[Items from a dataset]
..........

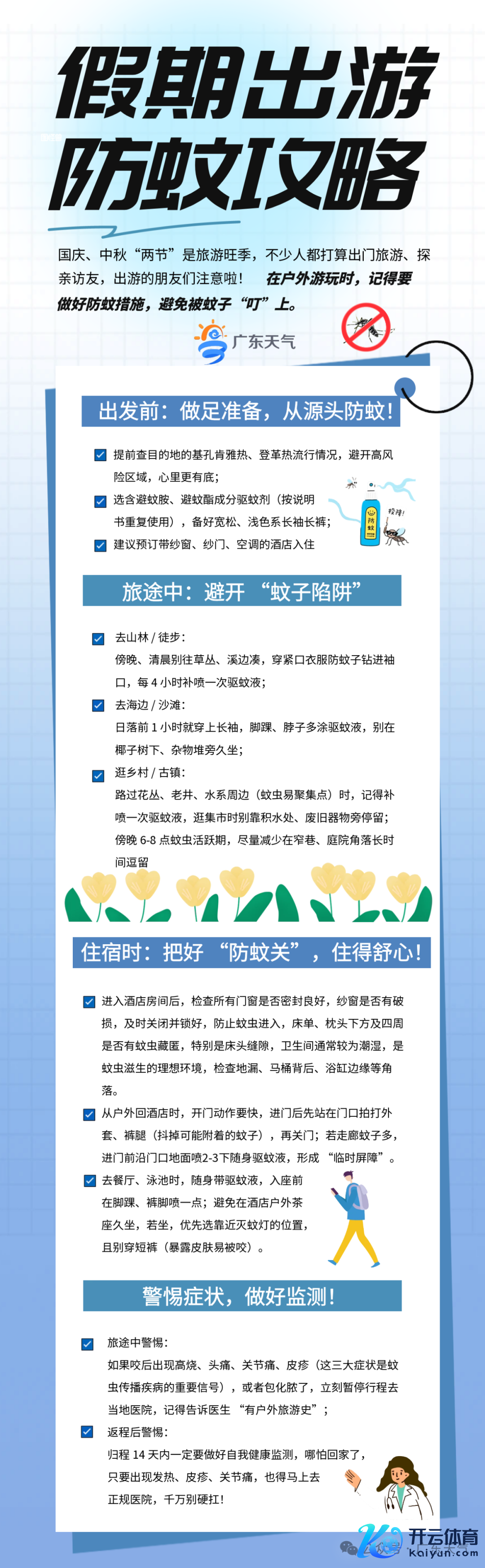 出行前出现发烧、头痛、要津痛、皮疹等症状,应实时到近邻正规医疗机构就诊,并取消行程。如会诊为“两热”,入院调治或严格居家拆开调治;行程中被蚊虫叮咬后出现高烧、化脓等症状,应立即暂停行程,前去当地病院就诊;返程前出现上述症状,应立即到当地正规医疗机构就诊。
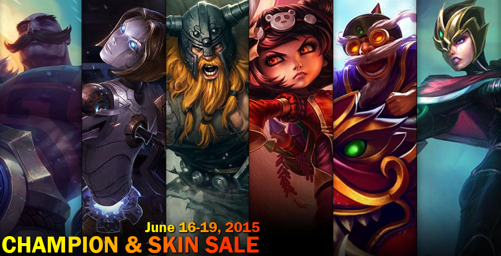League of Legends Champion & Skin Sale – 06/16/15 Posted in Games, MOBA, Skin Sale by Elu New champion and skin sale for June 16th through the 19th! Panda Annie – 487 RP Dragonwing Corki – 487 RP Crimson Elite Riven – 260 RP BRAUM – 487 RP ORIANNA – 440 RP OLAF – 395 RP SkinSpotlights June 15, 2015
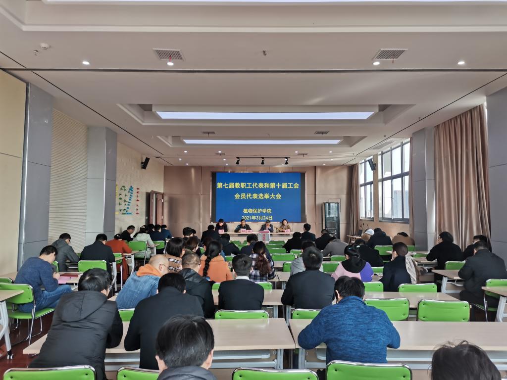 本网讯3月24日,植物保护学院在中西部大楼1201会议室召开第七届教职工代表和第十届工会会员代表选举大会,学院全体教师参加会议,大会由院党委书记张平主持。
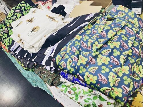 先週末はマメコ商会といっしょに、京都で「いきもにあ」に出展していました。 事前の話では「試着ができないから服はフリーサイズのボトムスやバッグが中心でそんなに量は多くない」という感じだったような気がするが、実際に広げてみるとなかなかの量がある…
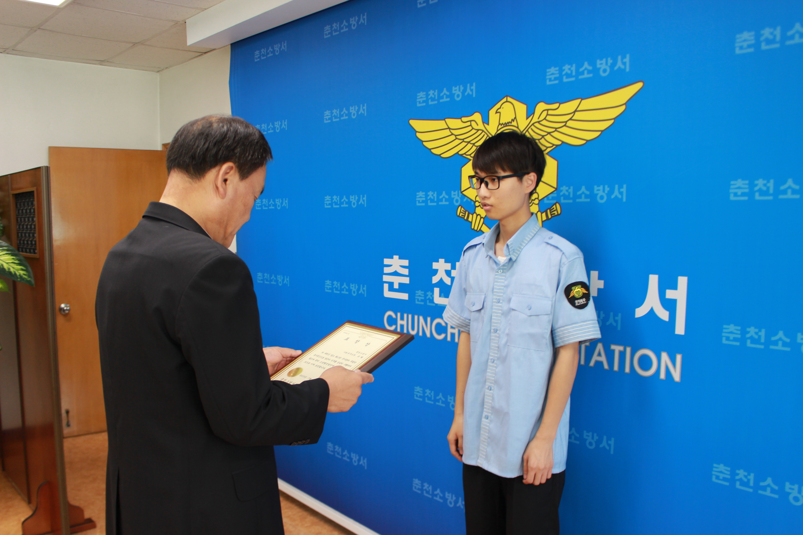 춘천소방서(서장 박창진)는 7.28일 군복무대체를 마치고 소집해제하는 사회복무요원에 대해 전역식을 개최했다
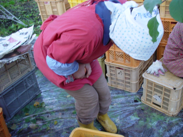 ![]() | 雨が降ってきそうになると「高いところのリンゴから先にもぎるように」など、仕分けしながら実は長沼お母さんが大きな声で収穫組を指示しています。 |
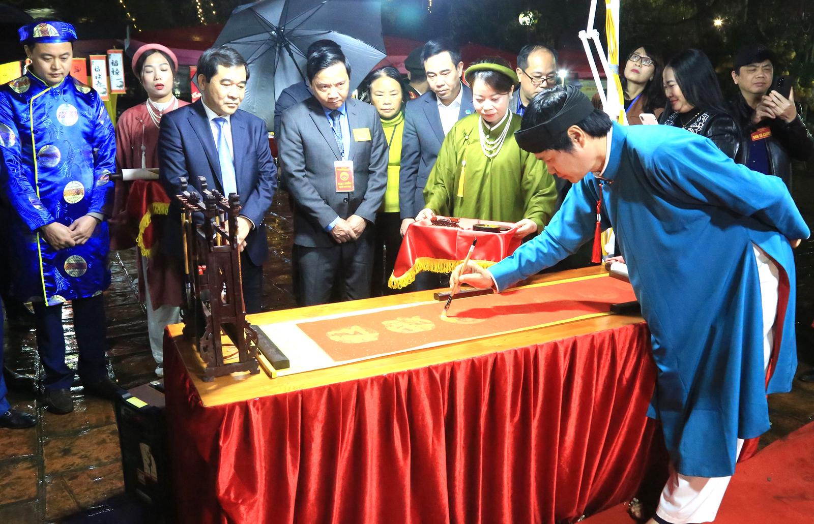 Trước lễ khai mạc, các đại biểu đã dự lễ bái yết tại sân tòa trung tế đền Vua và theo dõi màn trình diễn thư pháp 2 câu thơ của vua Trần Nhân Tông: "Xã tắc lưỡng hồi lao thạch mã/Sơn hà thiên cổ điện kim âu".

..........

• Required work:
Output the data exactly as it is, with the pictures dropped.

• Result of the task:
 出行前出现发烧、头痛、要津痛、皮疹等症状,应实时到近邻正规医疗机构就诊,并取消行程。如会诊为“两热”,入院调治或严格居家拆开调治;行程中被蚊虫叮咬后出现高烧、化脓等症状,应立即暂停行程,前去当地病院就诊;返程前出现上述症状,应立即到当地正规医疗机构就诊。
League of Legends Champion & Skin Sale – 06/16/15 Posted in Games, MOBA, Skin Sale by Elu New champion and skin sale for June 16th through the 19th! Panda Annie – 487 RP Dragonwing Corki – 487 RP Crimson Elite Riven – 260 RP BRAUM – 487 RP ORIANNA – 440 RP OLAF – 395 RP SkinSpotlights June 15, 2015
 本网讯3月24日,植物保护学院在中西部大楼1201会议室召开第七届教职工代表和第十届工会会员代表选举大会,学院全体教师参加会议,大会由院党委书记张平主持。
 先週末はマメコ商会といっしょに、京都で「いきもにあ」に出展していました。 事前の話では「試着ができないから服はフリーサイズのボトムスやバッグが中心でそんなに量は多くない」という感じだったような気がするが、実際に広げてみるとなかなかの量がある…
 춘천소방서(서장 박창진)는 7.28일 군복무대체를 마치고 소집해제하는 사회복무요원에 대해 전역식을 개최했다
 ![]() | 雨が降ってきそうになると「高いところのリンゴから先にもぎるように」など、仕分けしながら実は長沼お母さんが大きな声で収穫組を指示しています。 |
 Trước lễ khai mạc, các đại biểu đã dự lễ bái yết tại sân tòa trung tế đền Vua và theo dõi màn trình diễn thư pháp 2 câu thơ của vua Trần Nhân Tông: "Xã tắc lưỡng hồi lao thạch mã/Sơn hà thiên cổ điện kim âu".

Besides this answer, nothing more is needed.